InkTec and JTech sublimation inks should be available to you depending on where on the planet you are based. Avoid anything on Ebay which doesn't mention what make/brand the ink actually is, and/or isn't in a branded looking bottle.


----------



## puppylove7 (Dec 1, 2012)

I'm in West Sussex, England. I'll have a google and find out where to get Inktec and JTech. Thanks.x


----------



## SaB (May 15, 2007)

Nktec can produce bloody good results. I never seen any print that was bad when using this ink tbh...


----------



## pisquee (Jan 8, 2012)

... It is a high quality professional ink


----------



## puppylove7 (Dec 1, 2012)

I've still not sorted out the icc profile for my printer and I'm such a dunce when it comes to computer speak so I was thinking that it might be a good idea to get someone to come to me to do it. Any ideas on who might be available?


----------



## SaB (May 15, 2007)

Whats you postcode buddy? I think can help you.

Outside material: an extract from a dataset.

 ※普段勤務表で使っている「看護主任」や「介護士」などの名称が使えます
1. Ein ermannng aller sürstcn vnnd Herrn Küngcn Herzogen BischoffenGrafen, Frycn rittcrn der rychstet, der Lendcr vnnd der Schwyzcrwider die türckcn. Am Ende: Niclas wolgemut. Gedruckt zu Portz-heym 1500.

ps. i cannot PM you as our inbox is full!



Sent from my GT-S5830 using T-Shirt Forums


----------



## SaB (May 15, 2007)

55miles. Not bad. How much knowlage you have in sublimation???
Sent from my GT-S5830 using T-Shirt Forums


----------



## uncletee (Feb 25, 2007)

HI UK GUYS happy new year uncletee.


----------



## puppylove7 (Dec 1, 2012)

no longer needed, thanks all.


----------